I need to parse and return the tagname and the attributes in our PHP code files:
<ct:tagname attr="attr1" attr="attr2">
For this purpose the following regular expression has been constructed:
(\<ct:([^\s\>]*)([^\>]*)\>)
This expression works as expected but it breaks when the following code is parsed
<ct:form/input type="attr1" value="$item->field">
The original regular expression breaks because of the > character in the $item->field. I would need to construct a regular expression that ignores the -> or => but not the single >.
I am open to any suggestions... Thanks for your help in advance.
You could try using negative lookbehind like that:
(\<ct:([^\s\>]*)(.*?)(?<!-|=)\>)
Matches :
<ct:tagname attr="attr1" attr="attr2">
<ct:form/input type="attr1" value="$item->field">
Not sure that it the best suited solution for your case, but that respects the constraints.
I think what you want to do is not recognize the ->
and =>
, but ignore everything between pairs of quotes.

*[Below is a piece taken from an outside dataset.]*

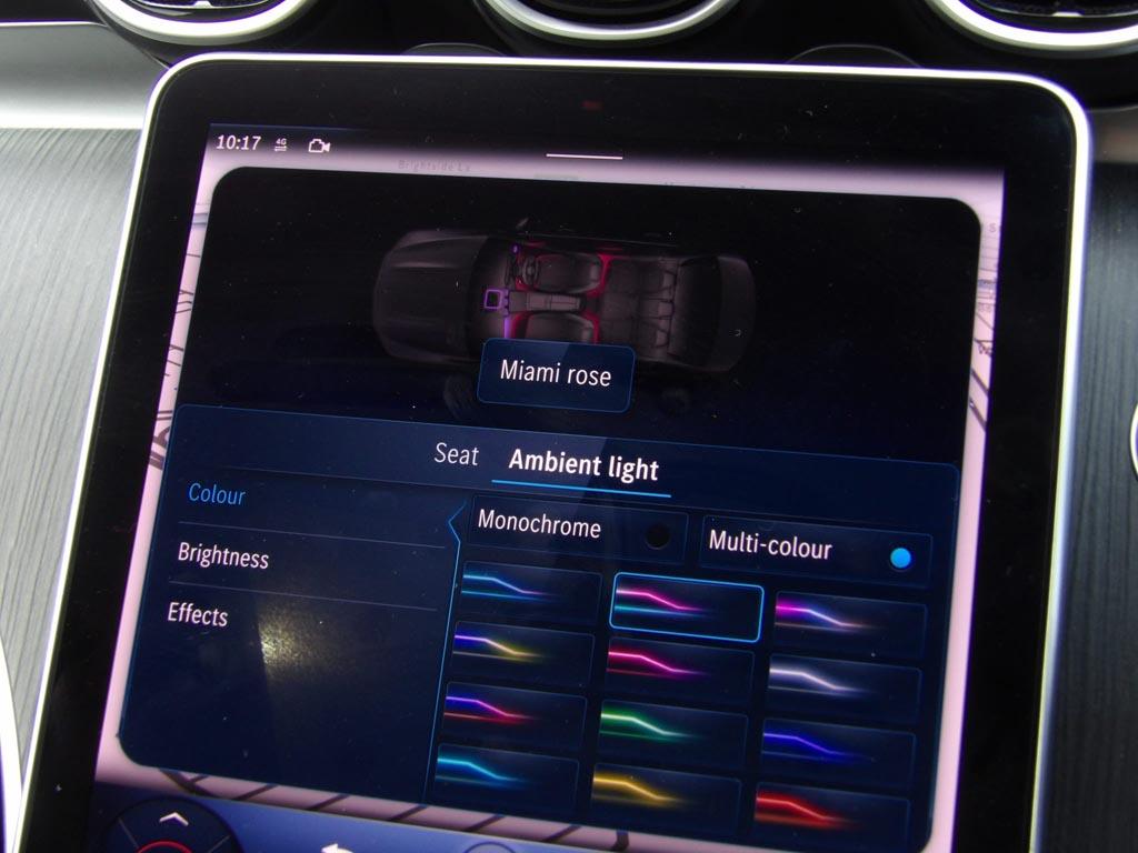 "features": "11.9\" high resolution multimedia colour display, 12.3\" digital instrument cluster display, Active lane keeping assist, Attention assist, DYNAMIC SELECT with a choice of driving modes (Comfort, ECO, Sport, Sport+, Individual), E-call, Extended MBUX functions, Finger print sensor, Fluorescent jacket for driver, Head up Display, MBUX augmented reality for navigation, MBUX navigation premium, MBUX voice control activated by keywords \"Hey Mercedes\", Mercedes connect me, Mercedes me remote services, Outside temperature gauge, Pre-installation for digital key transfer, Remote boot release, Service indicator (ASSYST), Smartphone integration, Sports direct steer speed sensitive steering, Status display for rear seat belts in instrument cluster, Traffic sign assist, Wireless charging system for mobile devices, 66l fuel tank with increased capacity, 9G TRONIC 9 speed automatic transmission, Agility control sports suspension and lowered by 15 mm, Petrol Particulate Filter, Residual engine heat utilisation, Sporty engine sound system, Burmester 3D surround sound system, DAB Digital radio, MBUX multimedia system, Adaptive brake lights, Adaptive high beam assist plus, AMG body styling front apron, rear apron and side skirts, AMG front bumper with sporty air intakes and chrome elements, AMG rear bumper with high gloss chrome elements, AMG side skirts in vehicle colour, B-pillar trim in glossy black, Body coloured bumpers, Body coloured door mirrors, Chrome beltline trim, Daytime running lights, Digital light LED headlights with projection function, Electric panoramic sliding sunroof, Electric windows with one touch opening/closing and obstruction sensors, Electrically adjustable and heated door mirrors, Green tinted glass, Heat insulating dark tinted glass, Illuminated front door sill panels, LED Indicators, LED tail lights, LED third brake light, Noise acoustic glass, Powerdomes on bonnet, Privacy glass, Radiator diamond grille with integrated Mercedes Benz star and louvre silver with chrome pins, Radio aerial integrated into rear window, Rain sensor with automatic windscreen wiper activation, Rear boot, Rear side wing doors, Two visible exhaust pipes integrated into rear bumper, 3 seat bench in 2nd row, 3 spoke flattened bottom AMG multifunction steering wheel in black nappa leather with chrome inserts and perforated leather in grip area, 40:20:40 split folding rear bench seat, Ambient lighting premium, AMG sports seats, Artico man-made leather upholstery, Audio and onboard settings control on multifunction steering wheel, Auto Mercedes-Benz child seat recognition sensor, Black air vents with silver chrome elements, Black floor mats with AMG lettering, Black roof liner, Door trim elements high gloss black with silver chrome surroundings and switches, Double cupholder in centre console, Electrically height/reach adjustable steering column, Folding rear seat backrest, Front and rear head restraints, Front centre armrest with storage compartment, Gearshift paddles on steering wheel, Heated front seats, Illuminated door sills with Mercedes Benz lettering, Illuminated glove compartment stowage, Overhead control unit in high gloss black, Rear top tether child seat ISOFIX attachment, Single front passenger seat, Sports pedals with stainless steel surfaces and rubber studs, Sunvisors with illuminated vanity mirrors, Thermotronic automatic 4 zone climate control, Interior lighting package - C Class, Memory package - C Class, Mirror pack - C Class, Parking package with 360 degree camera - C Class, Seat comfort pack - C Class, Stowage space pack - C Class, USB package plus - C Class, 3 rear 3 point seatbelts, Active bonnet pedestrian safety measure which detects an impact and raises bonnet, Adaptive brake system with HOLD function and brake drying in the wet, Anti-lock braking system (ABS), Black seat belts, Brake calipers with Mercedes-Benz lettering + perforated front brake discs, Child proof door locks, Drivers knee airbag, Drivers pelvis airbag, Dual stage driver/passenger airbags, Electric parking brake, Electronic Stability Programme (ESP), Front centre airbag between driver and front passenger seats, Front side airbags, Larger brake discs on front axle, Rear seatbelt warning indicator, Sports braking system, Tyre pressure monitoring system, Warning triangle and first aid kit, Window airbags for driver, front passenger and rear passenger, Central locking with interior switch, automatic locking and crash sensor with emergency opening function, Chrome surround electric key, Dashcam, Keyless Go, URBAN GUARD vehicle protection (Thatcham Category 1) consisting of break-in, anti-theft alarm system (ATA),interior monitoring and tow-away protection, Artico man-made leather dashboard with contrast stitching, Centre console trim in anthracite line structure lime wood, 19\" AMG 5 twin spoke light alloy wheels aerodynamically optimised painted in black with high sheen finish, Noise reduced tyre with foam absorber, Summer tyres, TIREFIT with tyre inflation compressor, ",

I think it can be done by inserting ((
("[^"]*")*
)) at the opportune place.
In general, any parsing problem rapidly runs into language constructs that are context-free but not regular. It may be a better[1] solution to write a context-free parser, ignoring everything except the elements you're interested in.
[1] "better" as seen from a viewpoint of Being The Right Thing, not necessarily a return on investment one.
Try this:
<ct:([^\s\>]*)((?:\s+\w+\s*=\s*(?:"[^"]*"|'[^']*')\s*)*)>
But if that’s XML, use should better use a XML parser.
My suggestion is to match to the attributes in the same expression.
\<ct:([^\s\>]*)((([a-x0-9]+)=\"([^\"]*)\")*)\>
edit: removed part about > not being valid xml in attribute values.